_AIM OF THE EXERCISE_:
Reproduce exactly the lines from the one that holds "Máy sấy tóc Philips có" through the last line of the entries, both ends included, but not the pictures.

== PROVIDED DATA

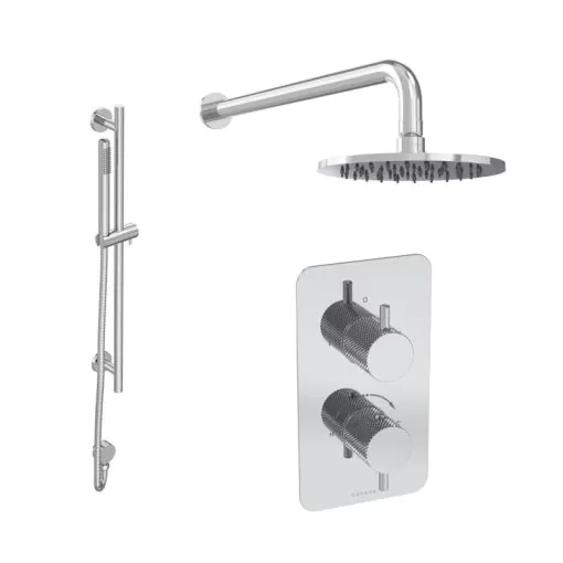 Saneux COS 2 way shower kit - w/ Slim Handset and Slider Rail and Shower Head - Knurled - Chrome
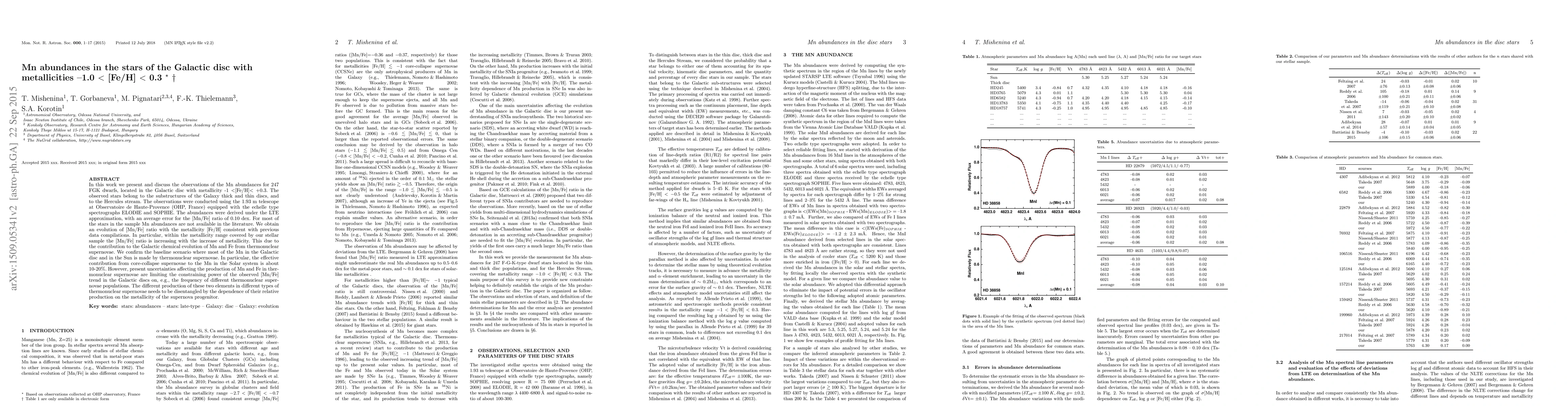 This study contributes to understanding the Galactic chemical evolution by examining the Mn/Fe ratio trend in the Galactic disc, which can help constrain the frequency of different thermonuclear supernova populations.
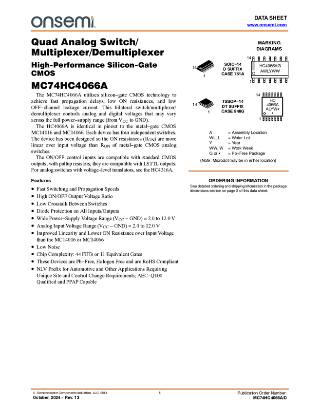 MC74HC4066A Quad Analog Switch/Multiplexer/Demultiplexer (Mux/Demux)
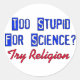It's time to fight back against the religious fanatics who want to deny Science in favor of superstition. In blue letters "Too stupid for science?" answered in red letters "Try Religion."
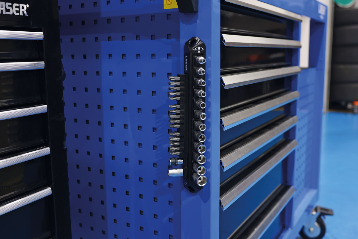 A 44-piece Chrome Vanadium socket set with a hard-wearing, functional satin chrome finish, the Laser 9329 1/4" drive socket and bit set is presented on Laser Tools’ patented LocSoc double-line socket rail with powerful magnets, allowing the set to be secured to any ferrous surface during use or stored neatly in a toolbox. Chrome Vanadium sockets are valued for their high strength, durability and resistance to corrosion, making them ideal for demanding tasks and environments. The added chromium provides rust protection, while the vanadium enhances toughness and wear resistance. Launched to celebrate Laser Tools 50th year and covered by the Laser Tools special 50-year limited warranty (see website for details).
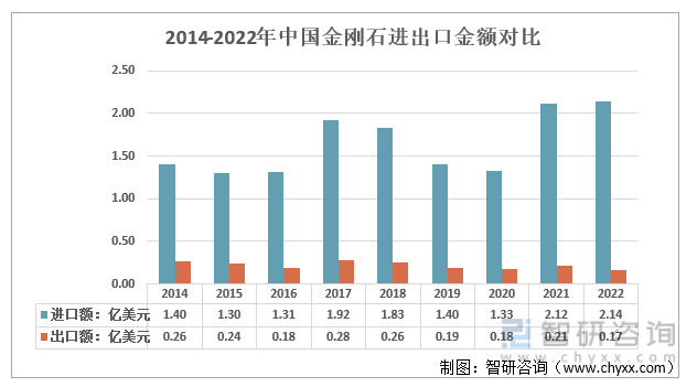 我国金刚石以出口为主,且近年来出口金额呈波动增长态势。2022年我国金刚石出口金额为2.14亿美元。同比增长1.22%;进口金额为0.17亿美元,同比下降21.15%。
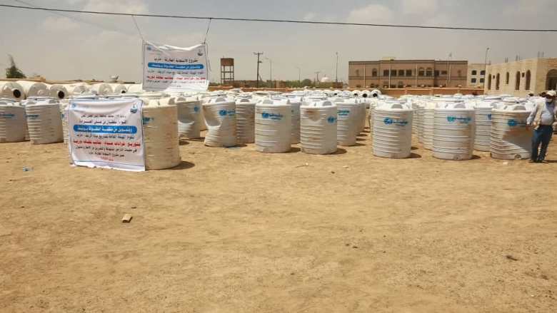 توزيع 500 خزان مياه للنازحين في 15 مخيم بمأرب
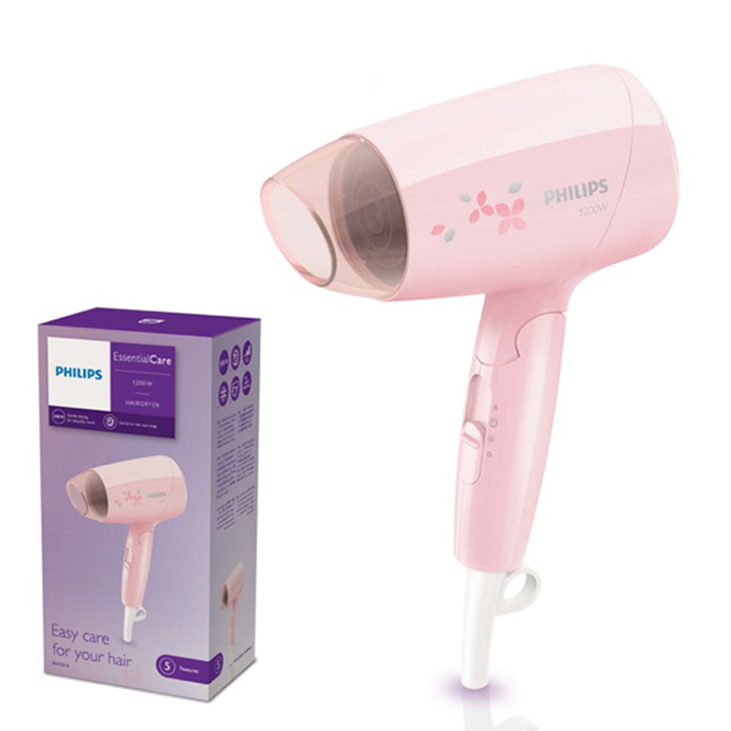 Máy sấy tóc Philips có công suất lớn 1200W Máy sấy tóc Philips BHC010/00 sở hữu thiết kế màu hồng xinh xắn, kiểu dáng nhỏ gọn, dễ sử dụng với tay cầm có thể gập lại, thuận tiện cho
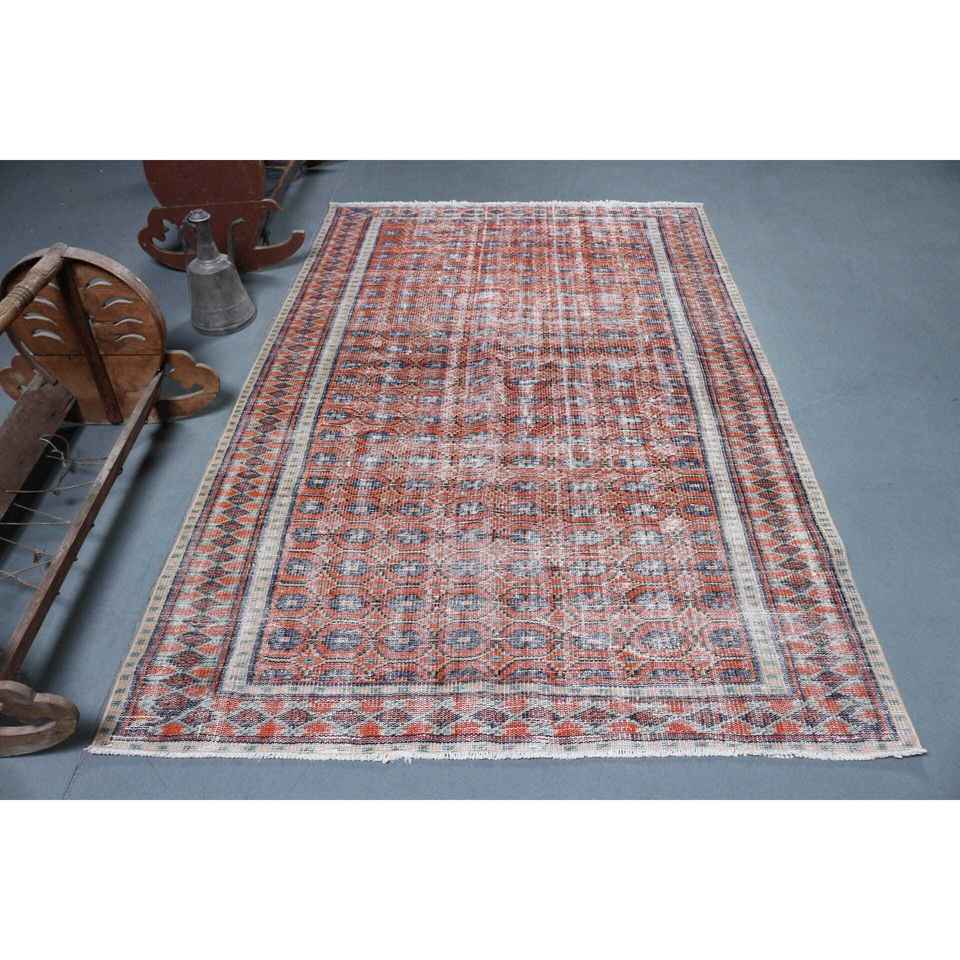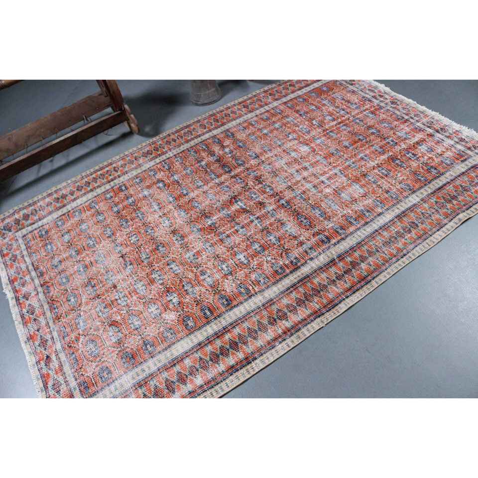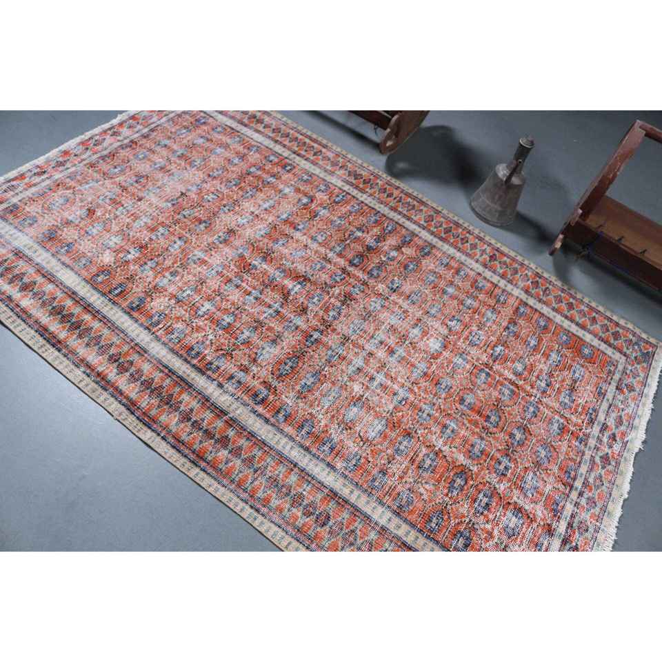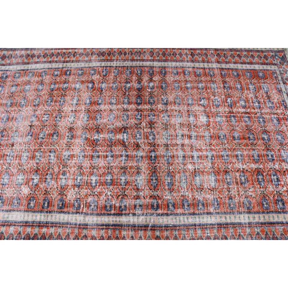 Alfombra Turca de Lana de 4.7x7.5 pies, Color Rojo y Azul Degradado
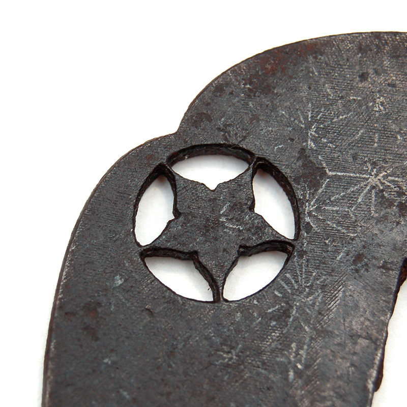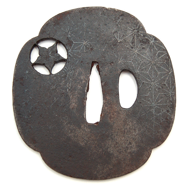 Description: Iron Tsuba, Mokko Gata shape (quadrilobed shape) with a cross hexagon design representing the linen leaf (Asanoha) with the Hira Zogan technique.
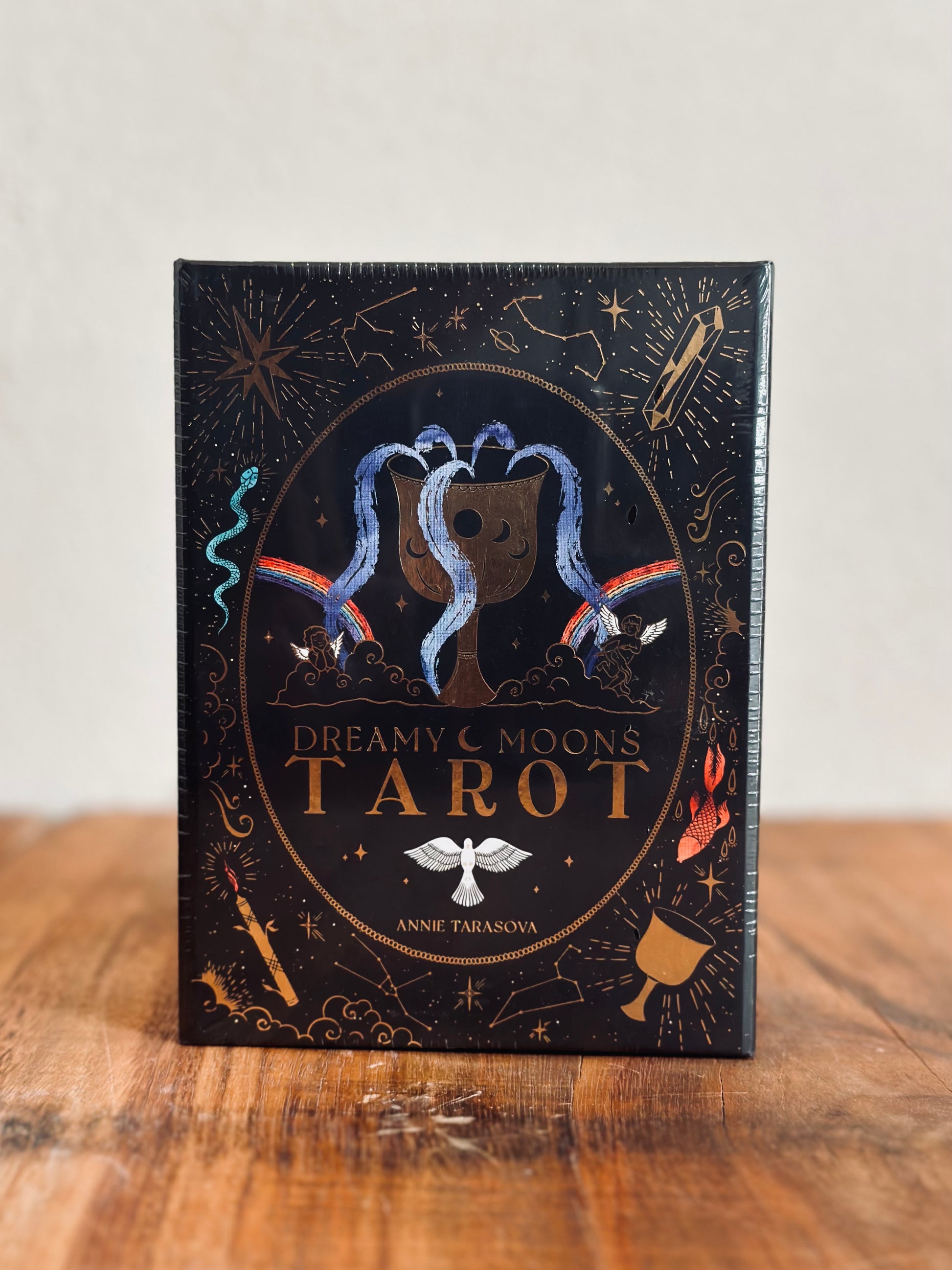 Consisting of 80 cards adorned in gold foil, this magical deck features four suits: Cups, Wands, Crystals and Stars; as well as the Major Arcanas. Paired with a 100-page detailed guidebook, this dreamy deck is an invitation to dive into your subconscious, explore your own magic and connect with the Universe that is inside and outside of you.

====

_WORKED SOLUTION_:
 Máy sấy tóc Philips có công suất lớn 1200W Máy sấy tóc Philips BHC010/00 sở hữu thiết kế màu hồng xinh xắn, kiểu dáng nhỏ gọn, dễ sử dụng với tay cầm có thể gập lại, thuận tiện cho
 Alfombra Turca de Lana de 4.7x7.5 pies, Color Rojo y Azul Degradado
 Description: Iron Tsuba, Mokko Gata shape (quadrilobed shape) with a cross hexagon design representing the linen leaf (Asanoha) with the Hira Zogan technique.
 Consisting of 80 cards adorned in gold foil, this magical deck features four suits: Cups, Wands, Crystals and Stars; as well as the Major Arcanas. Paired with a 100-page detailed guidebook, this dreamy deck is an invitation to dive into your subconscious, explore your own magic and connect with the Universe that is inside and outside of you.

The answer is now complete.